Often staff call or email me asking for technology for their classroom. If and when I can supply it we are both delighted. Sometimes though I am not able to provide the technology for various reasons. In such situations I often suggest that the teacher utilize their PTA funding (if they have any), write a grant or ask a parent to do so.
For many folks this feels like a daunting proposition. One of my colleagues, and fellow blogger, Ruth Morgan has experienced success in grant writing. Now she has stepped into another money making endeavor to provide an iPad for a classroom. Ruth is using donors choose in order to raise money to buy an iPad. One aspect about donors choose that I like is that unlike grants, there are very few if any rules that she has to follow.
Tek-Ninjas I encourage you to take a look at Ruth's page as a possible way for you to provide technology in your classroom, and while your at it, give some moolah to Ruth's project.
Ruth's project can be seen and supported here: donors choose site. Below is her write-up.
Ms. Morgan's technology project at Ephesus Road Elementary School in Chapel Hill, NC | High Poverty
I am sure all of you have heard about the struggles of people with autism and developmental disabilities. I see these struggles daily. I am a speech pathologist and work closely with a teacher for a group of elementary students in a special education classroom. We co-teach groups and work with the kids throughout the day.
This classroom has seven fourth and fifth grade aged children, all of whom have autism or other severe disability. All of them struggle with a severe communication handicap. The classroom has some access to resources such as a Smartboard and low-tech augmentative communication systems. The classroom also has one iPad. We have discovered, though, that with these children, one iPad isn't enough. One child needs this to learn to use an augmentative communication app, while other children use apps to learn basic concepts. Another child uses the iPad as a calming device, using simple cause-effect apps, and listening to music. Other children use social story apps to help learn expected behaviors both in and out of the classroom.

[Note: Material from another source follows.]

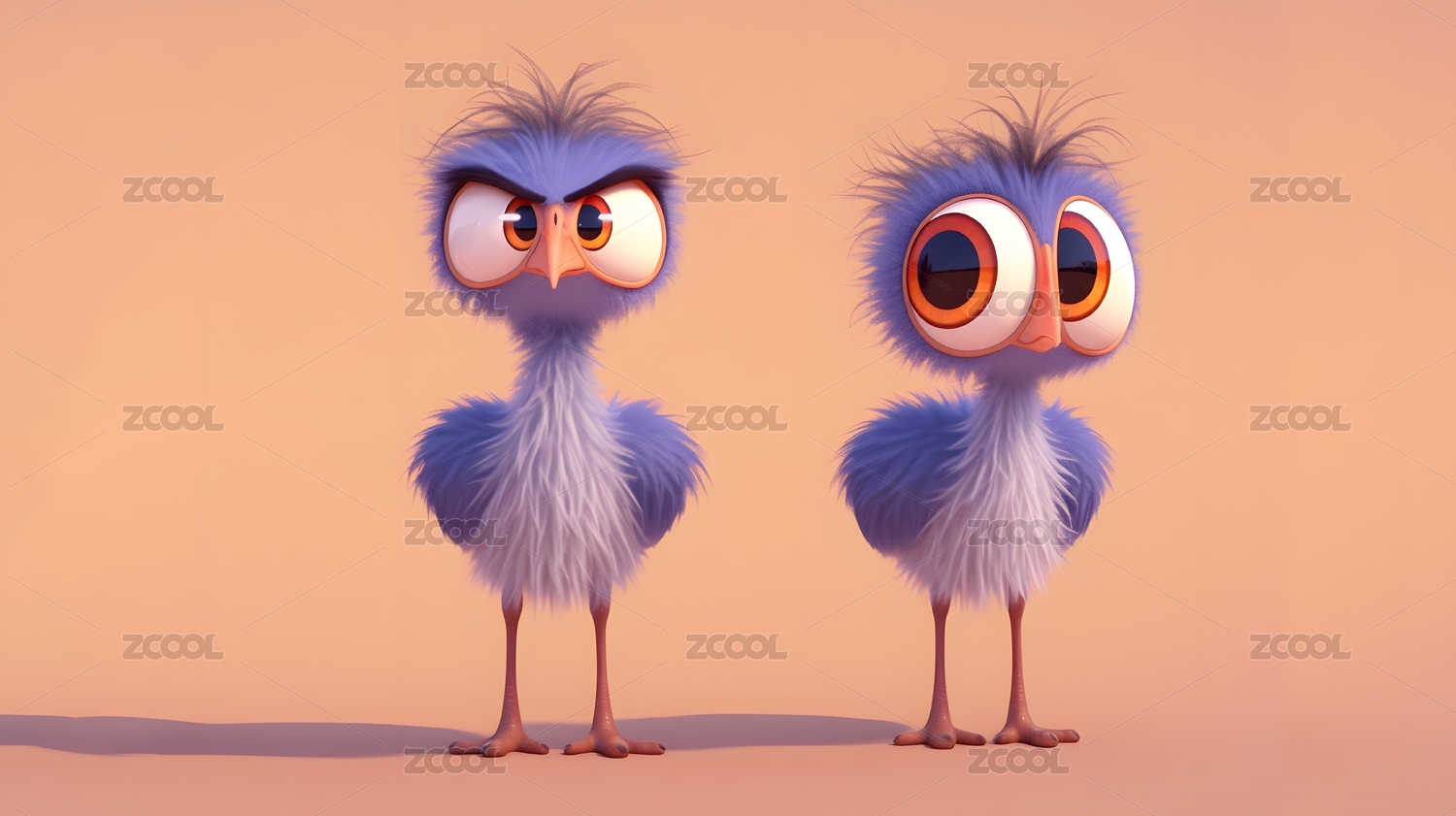 三維卡通毛絨鴕鳥頭像插畫圖案

An iPad 2 is a game changer for autistic children. With communication apps such as Proloquo2Go, nonverbal children can have a voice. With educational apps, the children can develop early literacy and math skills. With social stories apps such as Pictello, the children can see themselves in social stories and learn how to act appropriately. A library of photographs can be stored on the iPad 2 for easy reference, and since the camera feature is there, it would be easy to continually add pictures. It would be a portable picture dictionary!

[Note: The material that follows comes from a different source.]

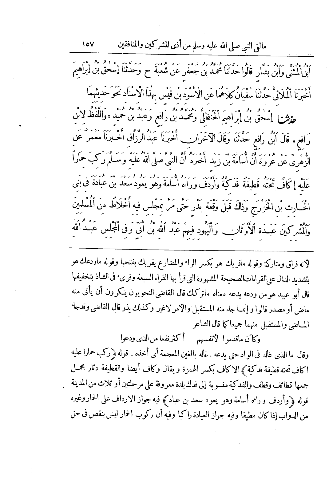 [1798] (رَكِبَ حِمَارًا عَلَيْهِ إِكَافٌ تَحْتَهُ قَطِيفَةٌ فدكية) إلا كاف بِكَسْرِ الْهَمْزَةِ وَيُقَالُ وِكَافٌ أَيْضًا وَالْقَطِيفَةُ دِثَارٌ مخمل جَمْعُهَا قَطَائِفُ وَقُطُفٌ وَالْفَدَكِيَّةُ مَنْسُوبَةٌ إِلَى فَدَكٍ بَلْدَةٍ مَعْرُوفَةٍ عَلَى مَرْحَلَتَيْنِ أَوْ ثَلَاثٍ مِنَ الْمَدِينَةِ قَوْلُهُ (وَأَرْدَفَ وَرَاءَهُ أُسَامَةَ وَهُوَ يَعُودُ سعد بن عباد) 1 فِيهِ جَوَازُ الْإِرْدَافِ عَلَى الْحِمَارِ وَغَيْرِهِ مِنَ الدَّوَابِّ إِذَا كَانَ مُطِيقًا وَفِيهِ 2 جَوَازُ الْعِيَادَةِ رَاكِبًا وَفِيهِ 3 أَنَّ رُكُوبَ الْحِمَارِ لَيْسَ بِنَقْصٍ في حق)

The camera feature on the iPad 2 is incredible. Items the children need to learn to request can be photographed and then imported seamlessly into the communication software. Videos of the children using appropriate behavior can easily be taken, and then shown back to them. Children can practice speaking, and get instant feedback using the camera feature. There are myriad other uses for a camera, and this feature on the iPad 2 is wonderful!
Please help give this classroom a voice. An iPad 2 would be a wonderful tool to help these children learn to communicate, to read, to learn social skills, and develop functional skills for the future.